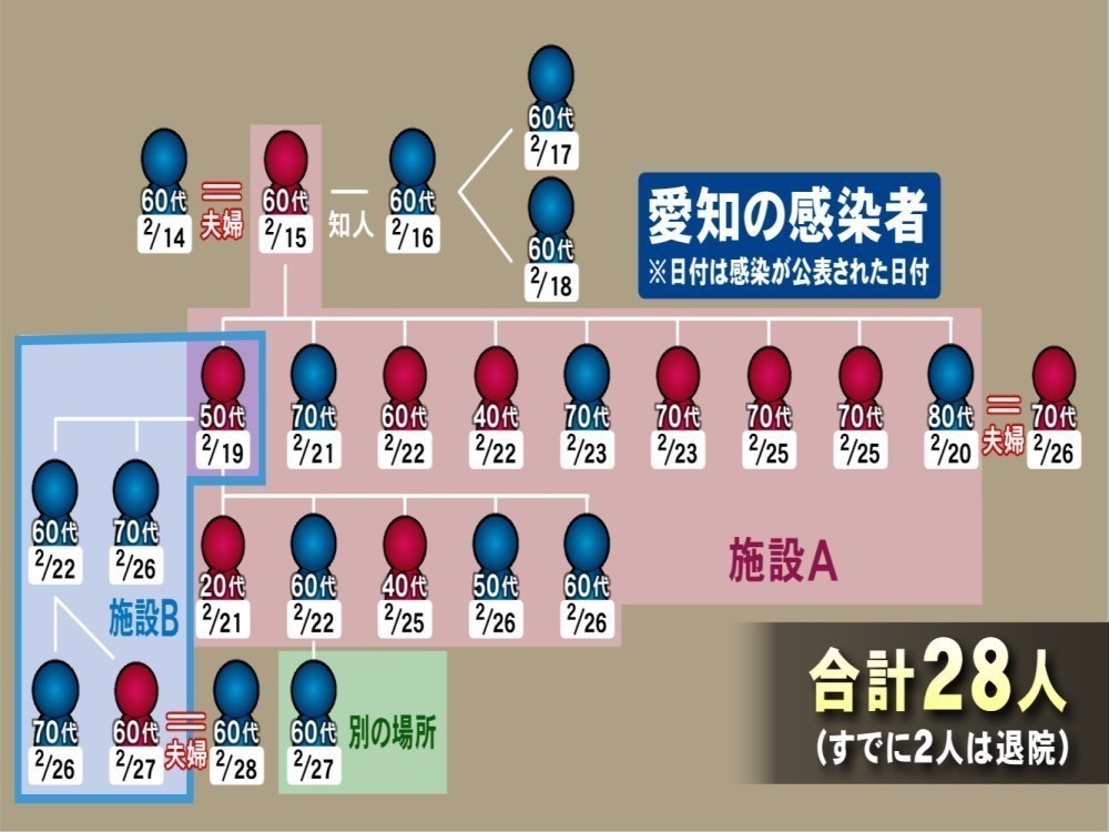 ・2月27日(木)名古屋市在住の60代男性と60代女性の2人 男性は22日に陽性が判明した名古屋高速の男性職員(60代)の同僚 女性は22日に陽性が判明した60代の男性とこれまでに3人が感染したとみられる市内の屋内施設で接触
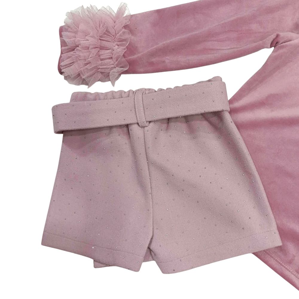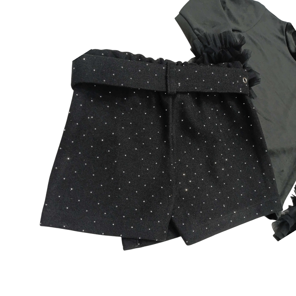 Σετ με σορτσόφουστα και βελούδινη μπλούζα σε μαύρο
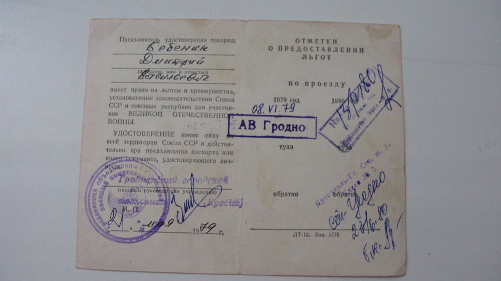 1979 г. Удостоверение . Право на льготы г. Гродно
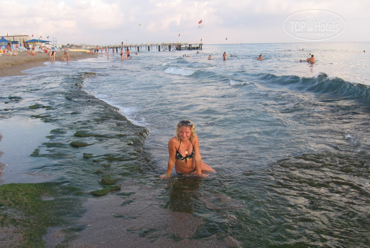 Пляж.Пляж конечно не очень,если точнее то вход в море.когда я первый раз был в этом отеле то все время в море заходил с левой стороны,а там эта жуткая плита!!!только за два дня до отьезда мы узнали что справа плиты нет.в этот раз я со знанием дела размещался на пляже уже справа,но все равно некоторые фрагменты плиты и там попадались,я даже ногу разбил в кровь.так что заходя в море надо быть очень внимательным как справа так и слева!на пляже очень сильно напрягал зазывала-экскурсовод который все время орал : ЯХТА СИДЕ ..... иногда это даже бесило.благо он активен был не постоянно ))))))))))
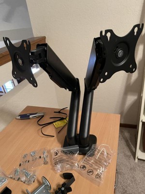 [This review was collected as part of a promotion.] My wife is a full time worker as well as a full time student in college right now,then we have our kids, the youngest is 3. When she has work to do, she has to try and find a place away from our toddler sometimes. This mount is a dual mount that works with laptops up to 17 inches and monitors up to 27 inches. It is adjustable. It can hold up to 13 pounds. It is easy to use and move almost anywhere. There is a clamp that can go on a desk or table, then you just screw the clamp until it is adjusted to a tight fit to whatever you have set it on whether a table or a desk. Then adjust as needed. Easy set up.
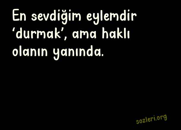En sevdiğim eylemdir - Adam Gibi Sözler .. En sevdiğim eylemdir ‘durmak’, ama haklı olanın yanında. ( Adam Gibi Sözler )
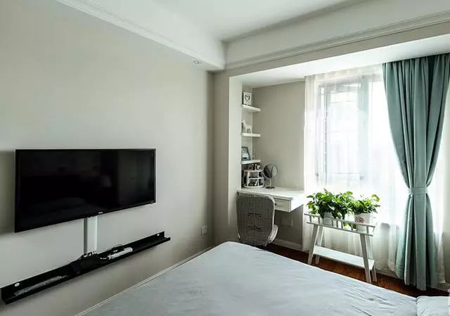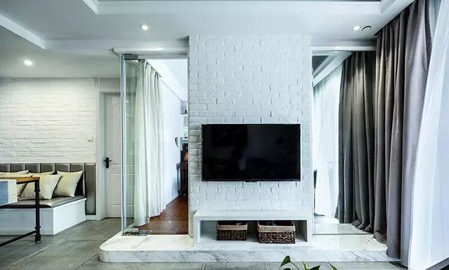 文化背景墙后面就是小书房,亮眼的是只有中间部分是文化墙,两边是玻璃,这样让客厅视线更宽更广,很大气不拥挤。
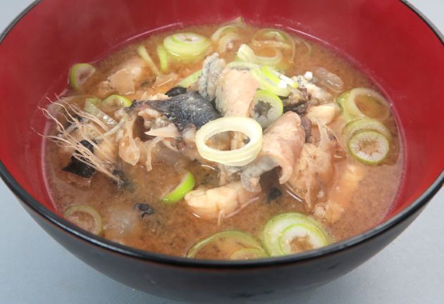 アカドンコのみそ汁 内臓と鰓を取り去る。肝と卵巣、胃袋は残して置く。身は鱗がないので適宜に切る。湯通しして冷水に落として表面のぬめりを流す。水分をよくきっておく。肝、胃袋も切り昆布だしで煮だしてみそをとく。よく煮込むほど味が良くなる。クリックで閉じます![]()
########################################
Repeat the entries above exactly and skip the images.

Problem solution.
 ・2月27日(木)名古屋市在住の60代男性と60代女性の2人 男性は22日に陽性が判明した名古屋高速の男性職員(60代)の同僚 女性は22日に陽性が判明した60代の男性とこれまでに3人が感染したとみられる市内の屋内施設で接触
 Σετ με σορτσόφουστα και βελούδινη μπλούζα σε μαύρο
 1979 г. Удостоверение . Право на льготы г. Гродно
 Пляж.Пляж конечно не очень,если точнее то вход в море.когда я первый раз был в этом отеле то все время в море заходил с левой стороны,а там эта жуткая плита!!!только за два дня до отьезда мы узнали что справа плиты нет.в этот раз я со знанием дела размещался на пляже уже справа,но все равно некоторые фрагменты плиты и там попадались,я даже ногу разбил в кровь.так что заходя в море надо быть очень внимательным как справа так и слева!на пляже очень сильно напрягал зазывала-экскурсовод который все время орал : ЯХТА СИДЕ ..... иногда это даже бесило.благо он активен был не постоянно ))))))))))
 [This review was collected as part of a promotion.] My wife is a full time worker as well as a full time student in college right now,then we have our kids, the youngest is 3. When she has work to do, she has to try and find a place away from our toddler sometimes. This mount is a dual mount that works with laptops up to 17 inches and monitors up to 27 inches. It is adjustable. It can hold up to 13 pounds. It is easy to use and move almost anywhere. There is a clamp that can go on a desk or table, then you just screw the clamp until it is adjusted to a tight fit to whatever you have set it on whether a table or a desk. Then adjust as needed. Easy set up.
En sevdiğim eylemdir - Adam Gibi Sözler .. En sevdiğim eylemdir ‘durmak’, ama haklı olanın yanında. ( Adam Gibi Sözler )
 文化背景墙后面就是小书房,亮眼的是只有中间部分是文化墙,两边是玻璃,这样让客厅视线更宽更广,很大气不拥挤。
 アカドンコのみそ汁 内臓と鰓を取り去る。肝と卵巣、胃袋は残して置く。身は鱗がないので適宜に切る。湯通しして冷水に落として表面のぬめりを流す。水分をよくきっておく。肝、胃袋も切り昆布だしで煮だしてみそをとく。よく煮込むほど味が良くなる。クリックで閉じます![]()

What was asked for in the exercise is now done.